The environment chain
Represent scope as a chain of HashSet<String>, one per scope level. Looking up a name means searching from innermost to outermost.
use std::collections::HashSet;
/// A chain of scopes representing the current lexical environment.
pub struct Env<'a> {
names: HashSet<String>,
parent: Option<&'a Env<'a>>,
}
impl<'a> Env<'a> {
pub fn new() -> Self {
Env { names: HashSet::new(), parent: None }
}
pub fn child(&'a self) -> Env<'a> {
Env { names: HashSet::new(), parent: Some(self) }
}
pub fn define(&mut self, name: &str) {
self.names.insert(name.to_string());
}
pub fn is_defined(&self, name: &str) -> bool {
self.names.contains(name) || self.parent.map_or(false, |p| p.is_defined(name))
}
}
Explain the lifetime 'a: the child env borrows the parent env. Since children always have shorter lifetimes than parents (they go out of scope at the closing ) of a lambda or let), this is safe.

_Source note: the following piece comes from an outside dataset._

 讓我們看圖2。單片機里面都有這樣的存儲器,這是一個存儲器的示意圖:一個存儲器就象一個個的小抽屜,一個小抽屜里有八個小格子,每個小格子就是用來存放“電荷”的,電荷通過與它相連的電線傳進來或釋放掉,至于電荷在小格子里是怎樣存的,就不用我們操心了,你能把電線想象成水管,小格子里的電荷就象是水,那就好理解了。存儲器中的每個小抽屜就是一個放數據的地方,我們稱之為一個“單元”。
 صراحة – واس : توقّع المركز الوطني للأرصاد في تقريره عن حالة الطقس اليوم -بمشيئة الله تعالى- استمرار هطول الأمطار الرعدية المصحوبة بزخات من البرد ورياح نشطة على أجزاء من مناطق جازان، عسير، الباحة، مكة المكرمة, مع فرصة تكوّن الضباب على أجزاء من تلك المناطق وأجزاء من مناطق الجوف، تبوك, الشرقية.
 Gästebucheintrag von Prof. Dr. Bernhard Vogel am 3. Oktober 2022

Pre-populating the global environment
Built-in operators and functions (+, -, *, /, =, <, >, <=, >=, not, display, newline, error) must be defined in the global env from the start — they are always available without a define.

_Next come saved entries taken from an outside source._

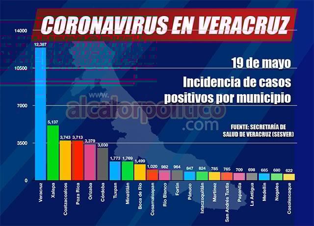 El municipio de Veracruz es el que ha registrado mayor actividad y sobresale con 12,387 casos acumulados; le sigue Xalapa con 5,137; Orizaba 3,379; Córdoba 3,030; Boca del Río 1,499; Fortín 964; Ixtaczoquitlán 824; La Antigua 698; Medellín 685; Nogales 680; Coatepec 505; Camerino Z. Mendoza 500; Emiliano Zapata 343; Úrsulo Galván 331; Ixhuatlancillo 262; Puente Nacional 203; Actopan 149; Atzacan 127; Coscomatepec 120; Soledad De Doblado 110; Huiloapan 105 y Altotonga 104; Xico, 100.
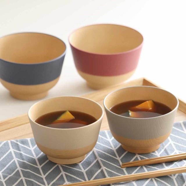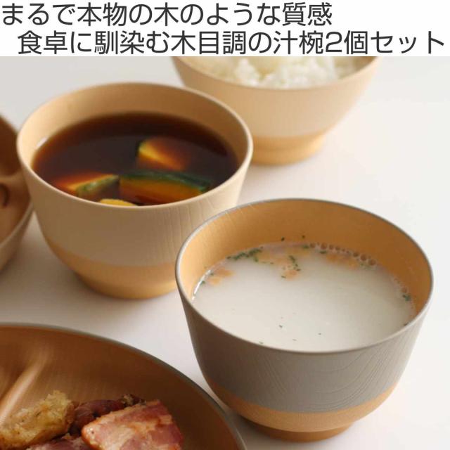 茶碗 330ml やさしい彩り 抗菌 汁椀 2個入 ( 日本製 電子レンジ対応 食洗機対応 味噌汁碗 11cm 椀 お椀 おしゃれ かわいい 抗菌加工 スープ 味噌汁 木目調 軽い 割れにくい 子ども 介護 )
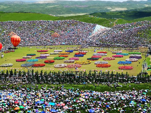 2019年7月30日,在甘肅甘南舉辦的“一會(huì)一節(jié)”吸引近20萬名當(dāng)?shù)厝罕姾陀慰陀^看。甘肅省文旅廳供圖

pub fn global_env() -> Env<'static> {
let mut env = Env::new();
for name in ["+", "-", "*", "/", "=", "<", ">", "<=", ">=",
"not", "display", "newline", "error"] {
env.define(name);
}
env
}
The scope-checking traversal
Walk the Vec<Expr> and call check_expr on each. The check_expr function pattern-matches on each Expr variant:
pub fn check_expr(expr: &Expr, env: &Env) -> Result<(), CompileError> {
match expr {
Expr::Symbol(name) => {
if !env.is_defined(name) {
return Err(CompileError::SemanticError(
format!("undefined symbol: `{}`", name)
));
}
Ok(())
}
Expr::Define { name, value } => {
check_expr(value, env)?;
// Note: we don't add `name` to env here because top-level defines
// are processed in a first pass (see below).
Ok(())
}
Expr::Lambda { params, body } => {
let mut child = env.child();
for p in params { child.define(p); }
for e in body { check_expr(e, &child)?; }
Ok(())
}
Expr::If { cond, then, else_ } => {
check_expr(cond, env)?;
check_expr(then, env)?;
check_expr(else_, env)
}
// ... Let, Begin, Call, atoms (atoms other than Symbol always pass)
_ => Ok(())
}
}
Two-pass processing for mutual recursion
Top-level define forms can reference each other mutually (e.g., even? calling odd? and vice versa). A single left-to-right pass would reject the second function because the first is not yet defined.
Solution: a two-pass approach.
- First pass: scan all top-level
Expr::Defineforms and add their names to the global env. - Second pass: check every expression with the fully-populated global env.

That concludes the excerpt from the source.